In class yesterday, I went to answer a question but I couldn't.
My best friend and I got in a fight and I couldn't find it in me to defend myself.
My dog whines and begs for me to do something with him. Anything but sit there.
These moments seem random but they all have one thing in common.
Every single moment was a time when I felt that feeling of breathing water when there was no water in sight. Each time, worse than the last. Each time, the floor is farther and farther away.

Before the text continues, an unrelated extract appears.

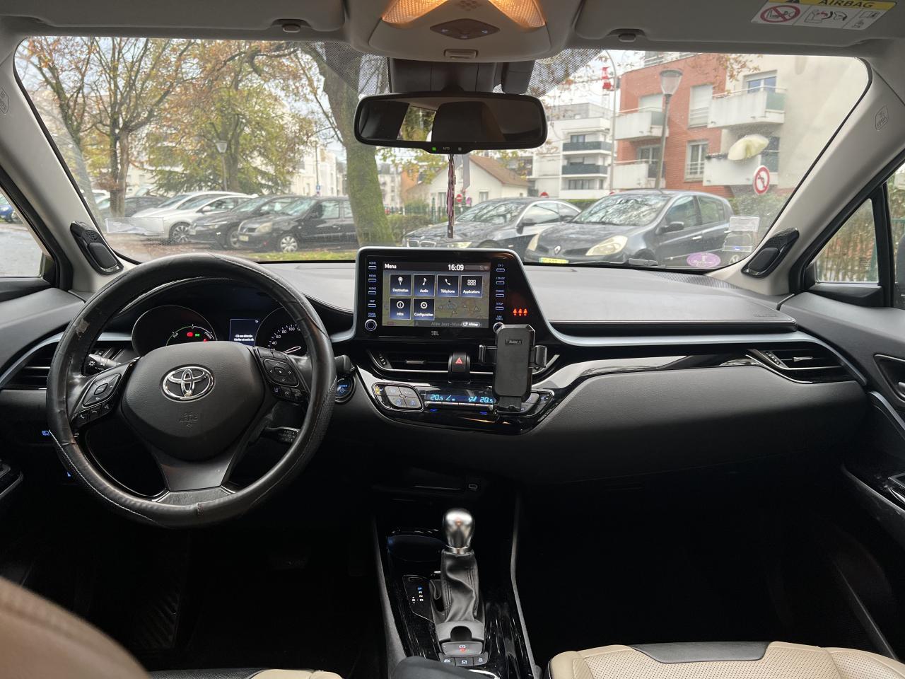 7 Airbags «frontaux» et «latéraux» conducteur et passager AV, «rideaux» passager AV et AR, «genoux» côté conducteurAccoudoir avant avec compartiment de rangementAirbag passager déconnectableAlarme avec système antidémarrageAllumage automatique des projecteursAntenne de toit « aileron de requin »Appel d'urgence - EcallAssistance au démarrage en côteAvertisseur de circulation arrière avec freinage d'urgence automatiqueBecquet avant couleur carrosserieCalculateur de temps de conduite électriqueCaméra de reculCarrosserie bi-ton métallisée ou nacrée/toit noirCiel de pavillon noirClimatisation automatique bi-zoneCoffre à double fond avec plancher surélevéCommandes de boîte de vitesses séquentielleConnexion smartphone (Apple CarPlay et Android Auto)Coques de rétroviseurs noiresDétecteur d'angle mortDirection assistée électrique (EPS)Eclairage d'accueilEcrous antivolEssuie-glace à déclenchement automatiqueFermeture centralisée avec commande à distanceFeu de recul central à LED sur bouclier arrièreFeux arrière à LED, avec clignotants séquentielsFeux de jour à LEDFilet de coffreFrein de stationnement électriqueIndicateur de perte de pression des pneusJantes alliage 18” CatocaKit de réparation anti-crevaisonKit de sécuritéLignes de vitres latérales chroméesLimiteur de vitesseMontant central noir laquéOrdinateur de bord avec écran couleur TFT 4.2” multifonctionOrnement de pare-chocs arrière chromé façon canulesOrnements de console centrale et de portières gris célestinePack ChromePoches aumônières au dos des sièges avantPoignées de portes et pare-choc avant couleur carrosserieProjecteurs adaptatifs avec ajustement automatique de la hauteur des pharesProjecteurs antibrouillard, clignotants et feux arrière à LEDProjecteurs avant à LED avec signature lumineuse premiumRadars de stationnement anticollision (ICS) arrière / avantRéglage manuel du siège passager en hauteurRépartiteur électronique de freinage (EBD)Rétroviseur intérieur anti-éblouissementRétroviseurs extérieurs avec projection au sol du logo Toyota C-HRRétroviseurs extérieurs électriques et dégivrants avec rappels de clignotantsRétroviseurs extérieurs rabattables automatiquementRevêtement supérieur de la planche de bord et de l’accoudoir central noirSellerie cuir et Alcantara noir avec embossage Toyota C-HRServices connectés MyTSiège conducteur à réglages électriques avec réglage lombaire électriqueSièges avant chauffantsSièges avant type sport avec maintiens latérauxSystème audio JBL Premium 9 HPSystème d'amplification de freinage d'urgence (BA)Système d'ouverture / fermeture côté conducteur, passager avant et coffre et démarrage sans clé “Smart Entry & Start”Système d’aide au stationnement intelligent (S-IPA)Système d’avertissement acoustique d’approche du véhicule (AVAS)Système de contrôle de motricité (TRC) et de stabilité (VSC)Système de fixation ISOFIX aux places arrière latéralesSystème de freinage antiblocage (ABS)Système multimédia Toyota Touch avec radio DAB, écran couleur tactile 8” multifonction, système de téléphonie Bluetooth et connectique auxiliaire/USBTapis de sol avant et arrière en veloursToyota Safety Sense 2Toyota Touch & Go Plus 2Vitres électriques avant et arrière avec descente et remontée à impulsionVitres latérales et lunette arrière surteintéesVolant chauffantVolant gainé cuir, multifonction réglable manuellement en hauteur et en profondeur

Have you ever almost drowned?
It happens to me every single day.
jersey Dec 2020
I don’t believe I’ve ever felt true happiness,
Only small moments of joy in a sea of sadness.
I don’t know what I’d do if I ever became truly happy.
Maybe I’d not cry myself to sleep anymore,
Or stop imagining my own death,
But who knows?
Definitely not me.

I don’t believe I’ve ever been not sad,
Not even during the best moments of my life.
Even in times that should’ve been total joy,
I felt overwhelming sadness.
Sad because this moment would end,
Sad because everyone else’s happiness extended past the night.
I was sad about anything I could be sad about
And things I should’ve been happy about.

I don’t believe I’ve ever understood how people can say,
“just be happy”
Trust me,
I ******* would if I ******* could.

But at this point,
I don’t believe I know how to be happy.
jersey Feb 2021
A wise woman once said she’d like to be defined by the things she loved.
Not the things she hates or fears or the things that haunt her.
This idea very much stuck to me.

This is my attempt at defining myself by the things I love or the things I find love in.

I love the sound of ocean water hitting the shore.
I have never been more at peace than I am at a beach.
I can freely think, freely breathe.
I can just be free.
I think the ocean is love.

I find love in good morning and good night texts.
They may be meaningless to some,
a nuisance to others,
but to me it’s the purest form of endearment.
I can’t look at a good morning or good night text and not smile.
I think those texts are love.

I love and find love in music.
I would go through hell as long as at the end, there was a good song.
I love to sing my favorite songs at the top of my lungs
and can’t help but tap my finger to my least favorites.
I think music is love.

I love books.
Even with the worst books, I love the lessons they had to offer.
I love the time put into writing it.
I love the time I put into reading it.
I love starting to read a book at 9am and blinking to find out it’s now 9pm.
I think books are love.

It’s so easy to get wrapped up in what I hate,
even easier to get ******* in what I fear,
sometimes I forget love is a thing.
I don’t want to live like that.
I want to continue to love and find love in things.
I am a lover, not a fighter and some may hate that cliche
but you know what, I love it.

I think being a lover is love and that may be redundant but maybe, just maybe, I love that too.